Re: [HACKERS] subselect and optimizer

From
t-ishii@sra.co.jp
Date:
>I will say we have an optimization problem with tables being referenced
>multiple times in a query, but I don't know if this is the cause, though
>you could test it by making a copy of order_tbl with another name, and
>testing the speed.

Thank you for your suggestion. I made a copy of order_tbl (named
order_tbl1) and did a query:

    explain select * from product,order_tbl where \
              product.serial=order_tbl.serial and product.serial in \
                      (select serial from order_tbl1  where cust_id='H3550');
    NOTICE:  QUERY PLAN:

    Hash Join  (cost=934.65 size=798 width=112)
      ->  Seq Scan on order_tbl  (cost=296.82 size=6843 width=36)
      ->  Hash  (cost=0.00 size=0 width=0)
            ->  Seq Scan on product  (cost=383.71 size=797 width=76)
                  SubPlan
                    ->  Index Scan on order_tbl1  (cost=2.05 size=1 width=12)

Seems like no change here?
--
Tatsuo Ishii
t-ishii@sra.co.jp

Re: [HACKERS] subselect and optimizer

From
"Boersenspielteam"
Date:
Hi,

Vadim helped me with the patch for my query.

But this patch still didn't help for a simple join without a where
clause. The query plan says it uses two sequential scans, where 6.2.1
uses two index scans.

Strange stuff.

Seems like more than one problem it the optimizer code ...


Ciao

Das Boersenspielteam.

---------------------------------------------------------------------------
                          http://www.boersenspiel.de
                           Das Boersenspiel im Internet
             *Realitaetsnah*  *Kostenlos*  *Ueber 6000 Spieler*
---------------------------------------------------------------------------

Re: [HACKERS] subselect and optimizer

From
Bruce Momjian
Date:
>
> Hi,
>
> Vadim helped me with the patch for my query.
>
> But this patch still didn't help for a simple join without a where
> clause. The query plan says it uses two sequential scans, where 6.2.1
> uses two index scans.
>
> Strange stuff.
>
> Seems like more than one problem it the optimizer code ...
>

But we didn't have subselcts in 6.2.1?

--
Bruce Momjian                          |  830 Blythe Avenue
maillist@candle.pha.pa.us              |  Drexel Hill, Pennsylvania 19026
  +  If your life is a hard drive,     |  (610) 353-9879(w)
  +  Christ can be your backup.        |  (610) 853-3000(h)
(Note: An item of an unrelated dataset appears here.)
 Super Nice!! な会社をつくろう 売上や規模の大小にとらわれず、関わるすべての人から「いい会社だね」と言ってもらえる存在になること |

Re: [HACKERS] subselect and optimizer

From
"Boersenspielteam"
Date:
> > But this patch still didn't help for a simple join without a where
> > clause. The query plan says it uses two sequential scans, where 6.2.1
> > uses two index scans.
>
> But we didn't have subselcts in 6.2.1?

No, but in the more general case of a simple join over two tables
with fields with an index declared on them.
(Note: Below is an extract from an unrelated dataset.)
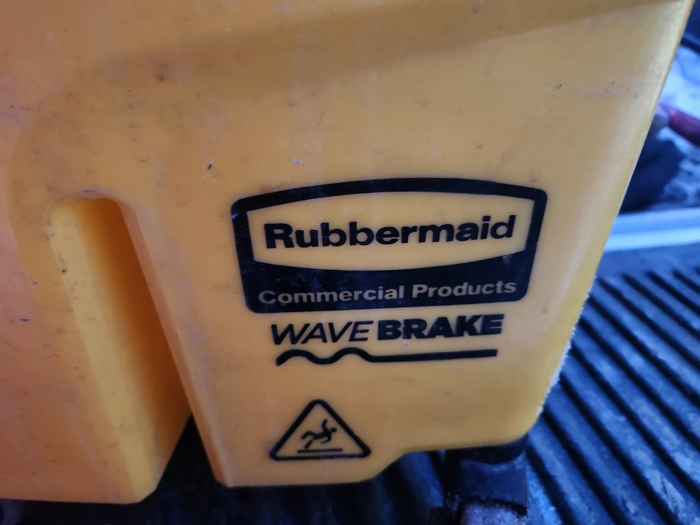 This is a yellow Rubbermaid Commercial Wave Brake mop bucket with wringer. It's made of durable plastic and includes a mop handle holder. Great for commercial cleaning needs!

say: Select * from Trans, Spieler where
Spieler.spieler_nr=Trans.spieler_nr

Uses indices in 6.2.1, doesn't use them in 6.3.1 (two seq scans).

I just wanted to remind you, that these problems are not restricted
to subqueries, but seem to be a more general 'flaw' in 6.3.x .

Hope this helps.

Ulrich

Re: [HACKERS] subselect and optimizer

From
Bruce Momjian
Date:
>
> > > But this patch still didn't help for a simple join without a where
> > > clause. The query plan says it uses two sequential scans, where 6.2.1
> > > uses two index scans.
> >
> > But we didn't have subselcts in 6.2.1?
>
> No, but in the more general case of a simple join over two tables
> with fields with an index declared on them.
>
> say: Select * from Trans, Spieler where
> Spieler.spieler_nr=Trans.spieler_nr
>
> Uses indices in 6.2.1, doesn't use them in 6.3.1 (two seq scans).
>
> I just wanted to remind you, that these problems are not restricted
> to subqueries, but seem to be a more general 'flaw' in 6.3.x .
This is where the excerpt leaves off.